The plaintiff was the owner of a $250,000 Aston Martin DB9 Volante F1 convertible, which he somehow drove off a boat ramp in May 2011, causing it to become submerged in seawater and rendering it a total loss. The insurer refused the claim on the basis that the plaintiff had failed to disclose a prior licence suspension and numerous traffic infringements when the policy was taken out.

The plaintiff (and his employee) gave evidence that at policy inception the plaintiff disclosed the suspension of his driver’s licence on the basis of an accumulation of demerit points but that he was not sure when the suspension occurred. The plaintiff also claimed that he disclosed having received multiple infringements and fines but was not asked further questions in relation to this.

There was no audio recording of the relevant telephone call. However, given the expensive vehicle involved, the insurer’s employees claimed to vaguely remember the plaintiff taking out the policy. Aided by the insurer’s ‘screen dumps’ which indicated the plaintiff had a clean driving record, the insurer’s employees gave evidence that the plaintiff did not disclose a license suspension or the loss of demerit points when he applied for the policy. Evidence was given that had a licence suspension or multiple traffic infringements been recorded on the system, it would have been referred to a manager to determine whether the insurer would accept the risk.
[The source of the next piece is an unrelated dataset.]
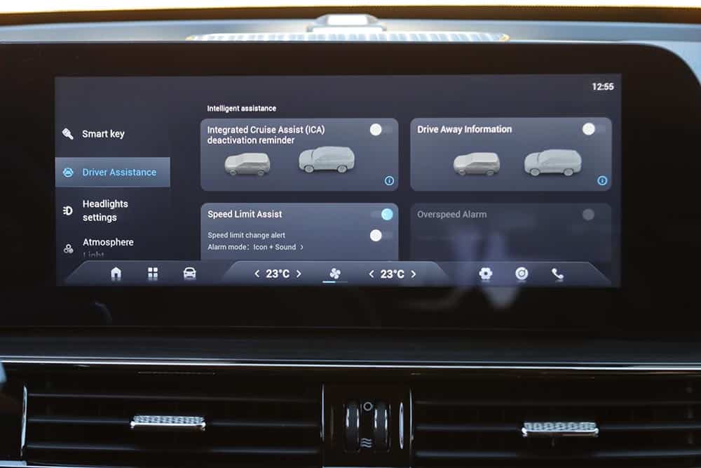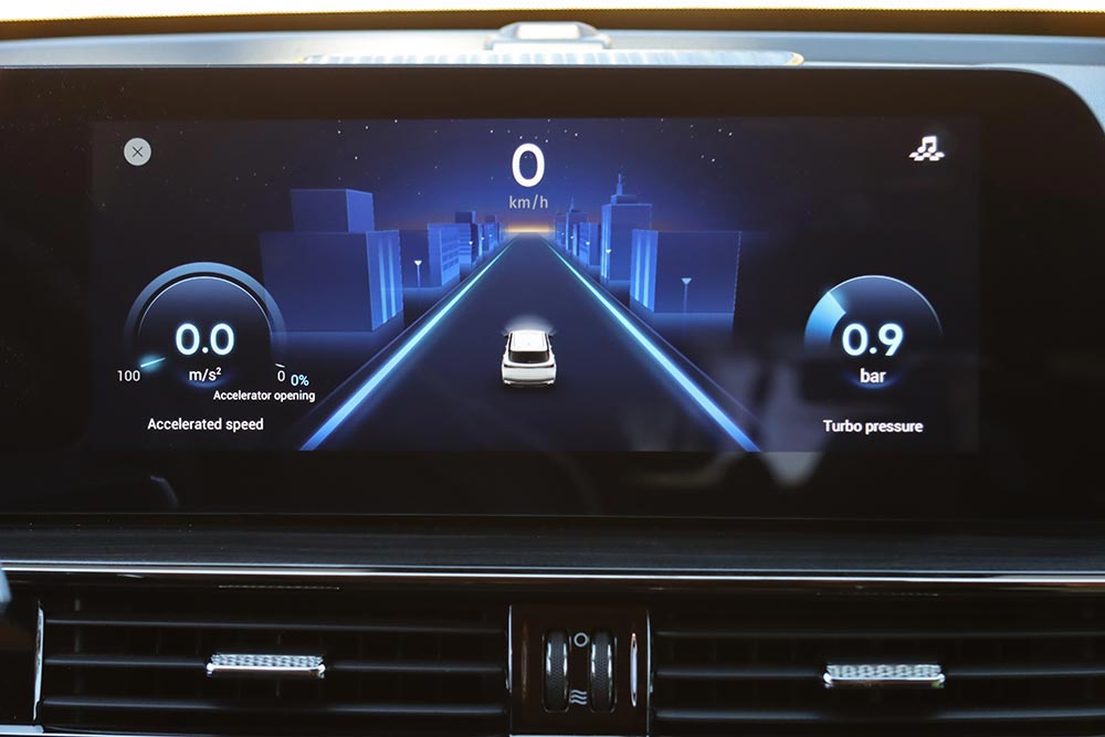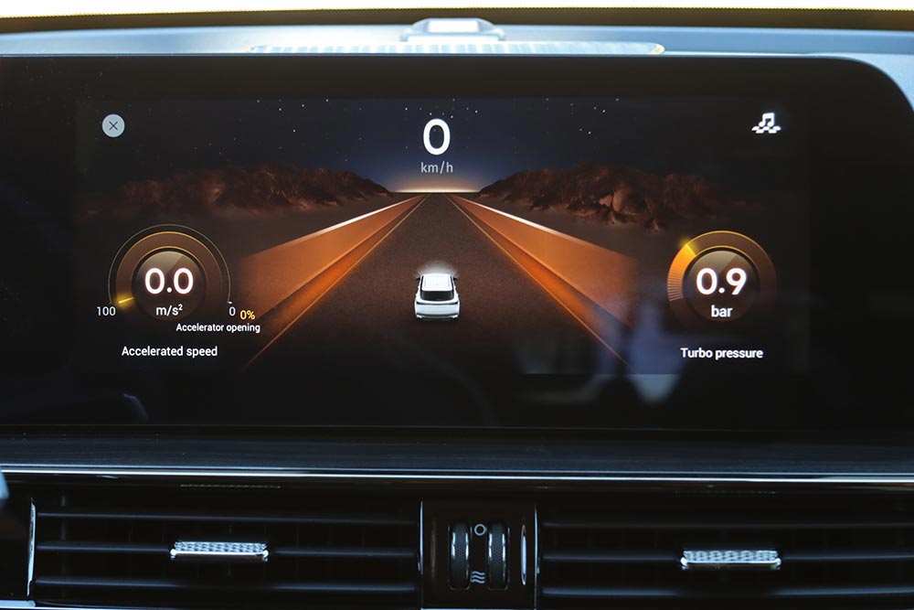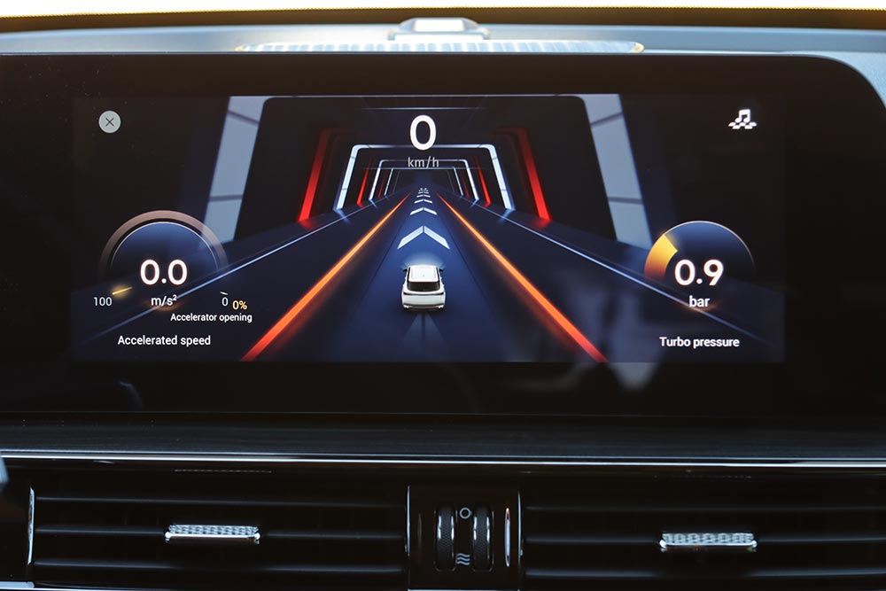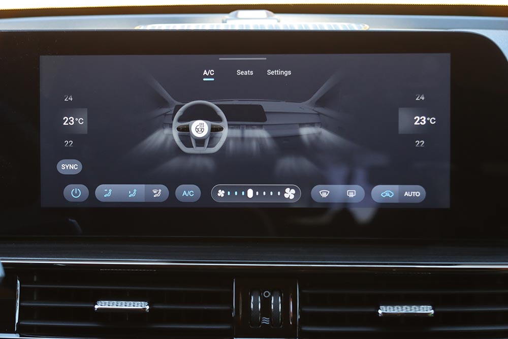 Μπαίνοντας στην καμπίνα, η πρώτη εντύπωση είναι ότι μιλάμε για ένα αυτοκίνητο που ξέρει τον ανταγωνισμό και προσαρμόζει τα ατού του προς όφελος του ιδίου. Τα υλικά είναι «αφρός» στο πάνω μέρος, οι επιφάνειες έχουν προσεγμένη συναρμογή και ο διάκοσμος με τις φωτιζόμενες λεπτομέρειες ανεβάζει την αίσθηση πολυτέλειας. Δύο μεγάλες οθόνες 12,3 ιντσών σχηματίζουν ένα ενιαίο πάνελ που θυμίζει premium γερμανικά μοντέλα, με την αριστερή να λειτουργεί ως ψηφιακός πίνακας οργάνων και τη δεξιά για το infotainment με πλοήγηση, Android Auto/Apple CarPlay και πολλές online υπηρεσίες. Μπόνους η απομίμηση ξύλου στην κεντρική κονσόλα, την οποία θα ζήλευαν ακόμα και γερμανικά μοντέλα σε ποιότητα υφής…

Evidence was given by the insurer’s state manager that had the plaintiff disclosed his full driving history including the license suspension and six traffic infringements for which three demerit points were assigned, the plaintiff would have been deemed an unacceptable risk in accordance with the insurer’s National Underwriting Guidelines.

The trial judge considered the plaintiff and his employee to be unreliable witnesses and accepted the evidence of the insurer’s witnesses. The judge considered it unlikely that the insurer’s employees would have failed to record the license suspension or traffic infringements had they been disclosed by the plaintiff and determined that the plaintiff did not disclose his full driving history when he applied for the policy. The judge determined that these matters were within the plaintiff’s consciousness and ought to have been disclosed.

Section 28(3) of the Insurance Contracts Act provides that where an insured fails to comply with the duty of disclosure and that failure was not made fraudulently, the insurer is entitled to reduce its liability to put it in the position it would have been in had full disclosure been made. The trial judge accepted that had the plaintiff disclosed his true driving history, the insurer’s underwriting criteria would have deemed him an unacceptable risk and the insurer would not have issued the policy. Accordingly the insurer was able to reduce its liability to nil. The trial judge also determined that the insurer did not need to repay premiums to the insured.

The insured appealed claiming that even if full disclosure had been made, the insurer would have accepted the risk. The Queensland Court of Appeal disagreed and upheld the trial judge’s findings that had the plaintiff made full disclosure, the insurer would not have accepted the risk and therefore had no liability for the claim.

Michail v Australian Alliance Insurance Co Ltd

This case demonstrates the importance of having clear underwriting guidelines. The insurer was able to successfully rely on its underwriting criteria to prove that it would not have accepted the risk had the plaintiff disclosed his full driving history.